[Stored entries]

────────────────────

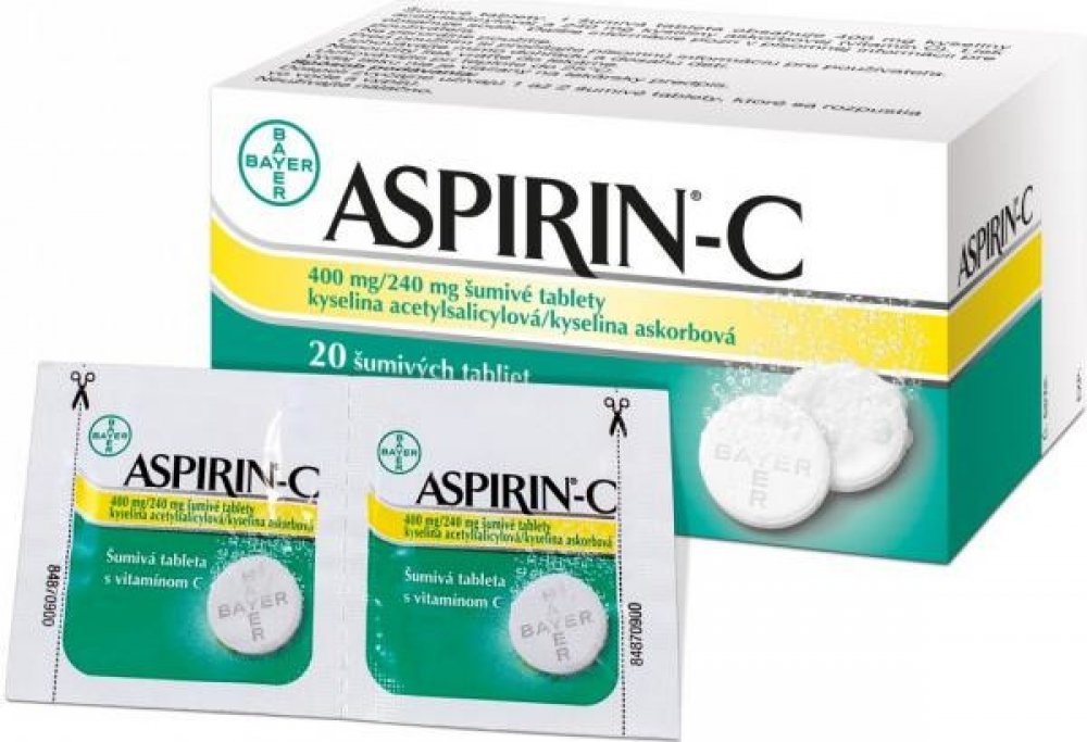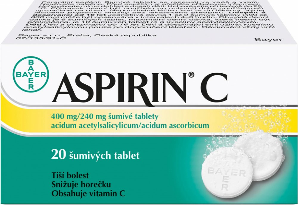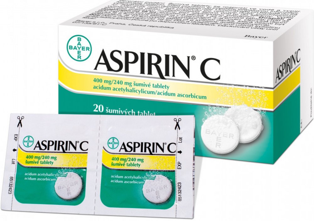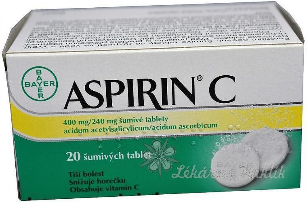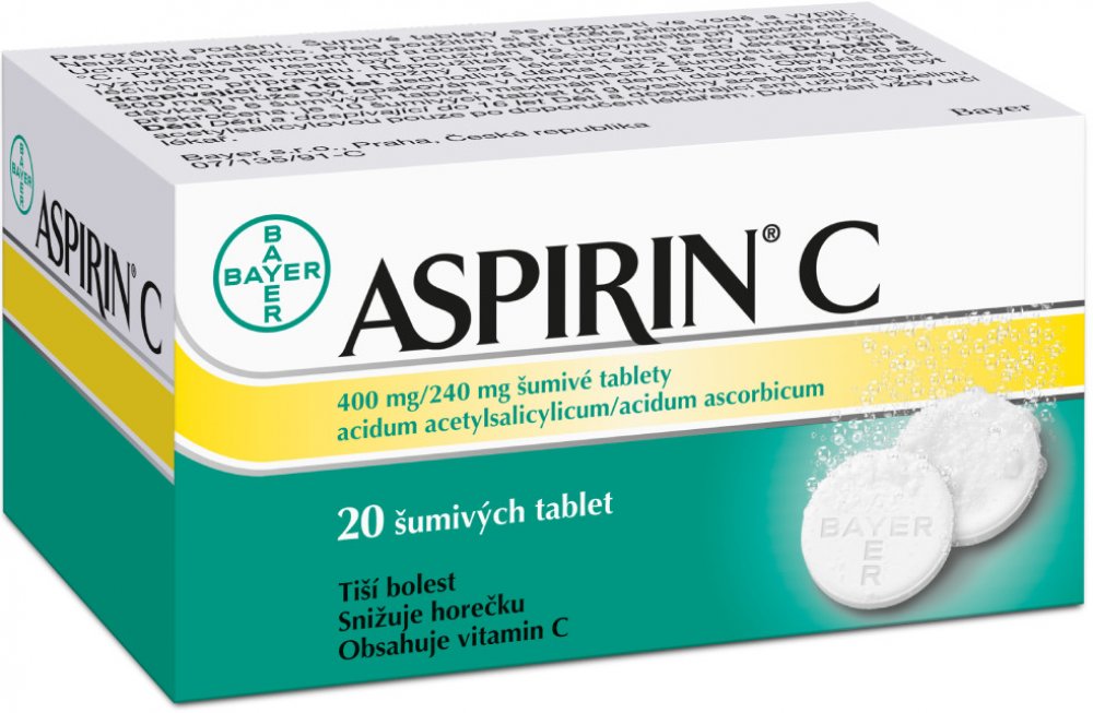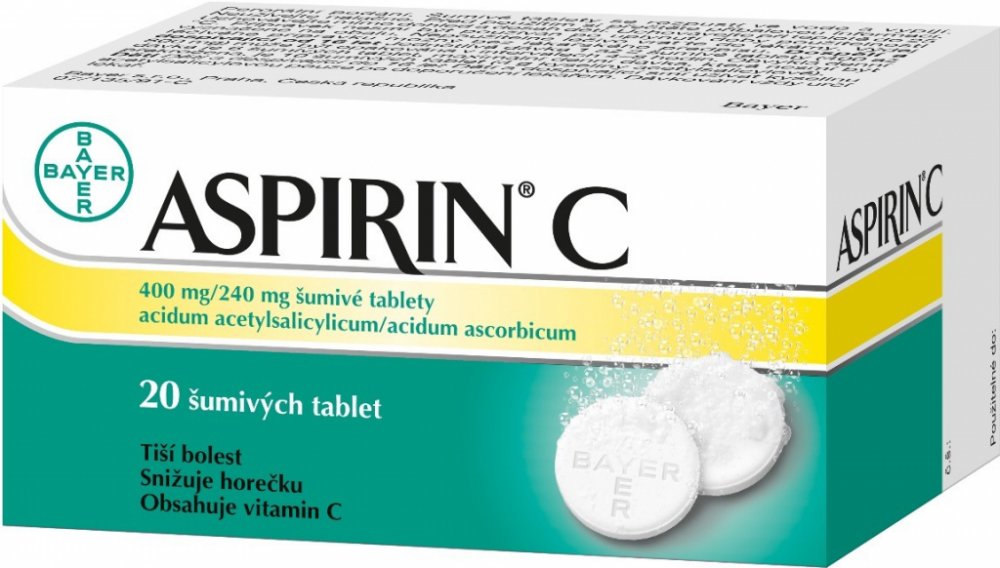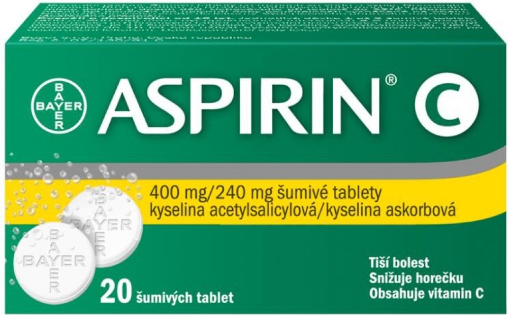 Léčivé látky: Acidum acetylsalicylicum 400 mg, Acidum ascorbicum 240 mg
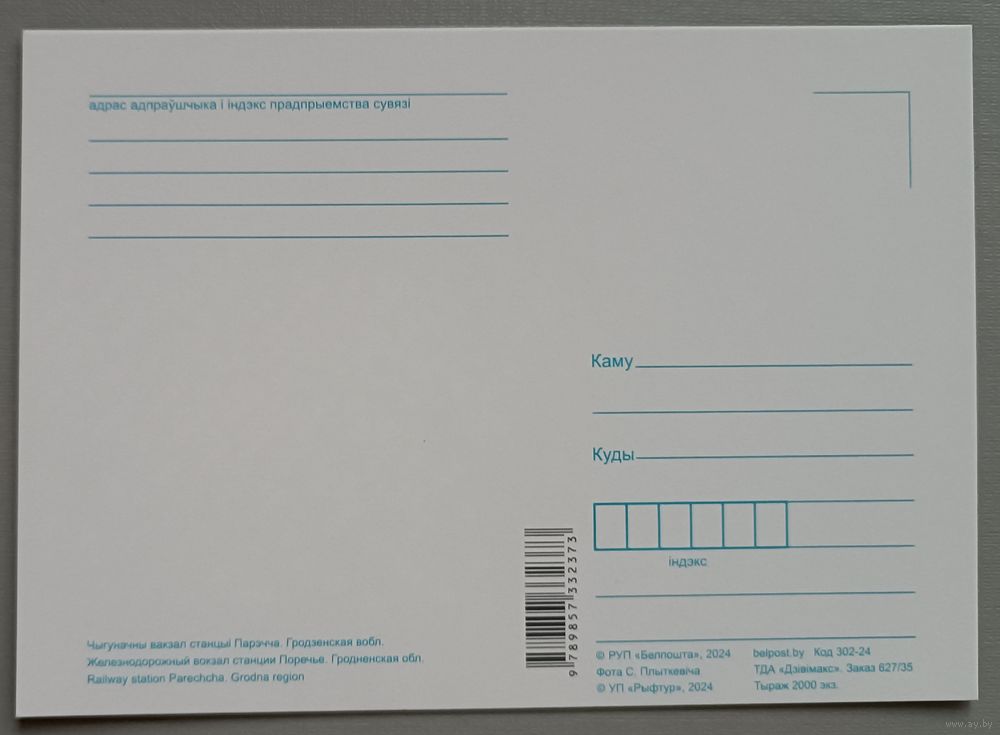 Железнодорожный вокзал, станция Поречье, Гродненская обл.. Открытка, глянец
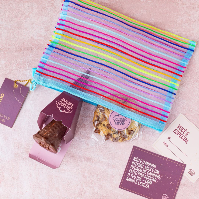 O presente perfeito para adoçar qualquer momento! Uma charmosa necessaire recheada com: 1 Bolsinha com Ziper 1 Cookie recheado de Nutella 1 Cone Brigadeiro Intenso 1 Cartão de presente para escrever sua mensagem especial Tudo embalado com muito carinho, pronto para surpreender quem você ama.
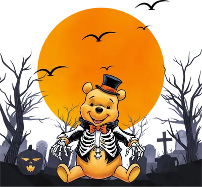 Cute Skeleton Bear Halloween DTF Transfer | Spooky Moon & Pumpkin Design
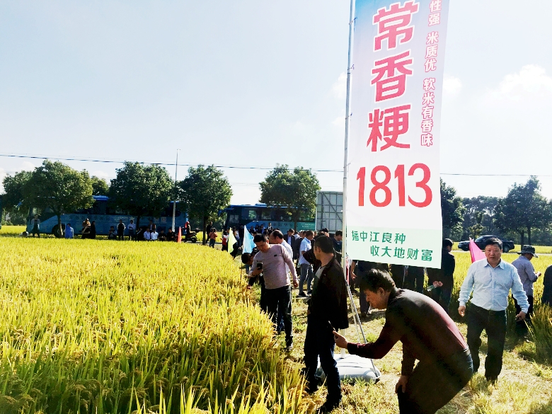 10月11日在江南福地常熟,我公司和常熟市農(nóng)業(yè)科學(xué)研究所聯(lián)合召開常香粳1813現(xiàn)場(chǎng)觀摩會(huì)。常香粳1813是常熟市農(nóng)科所最新育成并通過審定的早熟晚粳水稻品種,集米質(zhì)優(yōu)、熟期適中、抗倒性強(qiáng)、中抗稻瘟病、稻米有香味等諸多優(yōu)點(diǎn)于一身,適宜在江蘇省沿江及蘇南地區(qū)種植。

────────────────────

Please output the records exactly, leaving the pictures out.

 Léčivé látky: Acidum acetylsalicylicum 400 mg, Acidum ascorbicum 240 mg
 Железнодорожный вокзал, станция Поречье, Гродненская обл.. Открытка, глянец
 O presente perfeito para adoçar qualquer momento! Uma charmosa necessaire recheada com: 1 Bolsinha com Ziper 1 Cookie recheado de Nutella 1 Cone Brigadeiro Intenso 1 Cartão de presente para escrever sua mensagem especial Tudo embalado com muito carinho, pronto para surpreender quem você ama.
 Cute Skeleton Bear Halloween DTF Transfer | Spooky Moon & Pumpkin Design
 10月11日在江南福地常熟,我公司和常熟市農(nóng)業(yè)科學(xué)研究所聯(lián)合召開常香粳1813現(xiàn)場(chǎng)觀摩會(huì)。常香粳1813是常熟市農(nóng)科所最新育成并通過審定的早熟晚粳水稻品種,集米質(zhì)優(yōu)、熟期適中、抗倒性強(qiáng)、中抗稻瘟病、稻米有香味等諸多優(yōu)點(diǎn)于一身,適宜在江蘇省沿江及蘇南地區(qū)種植。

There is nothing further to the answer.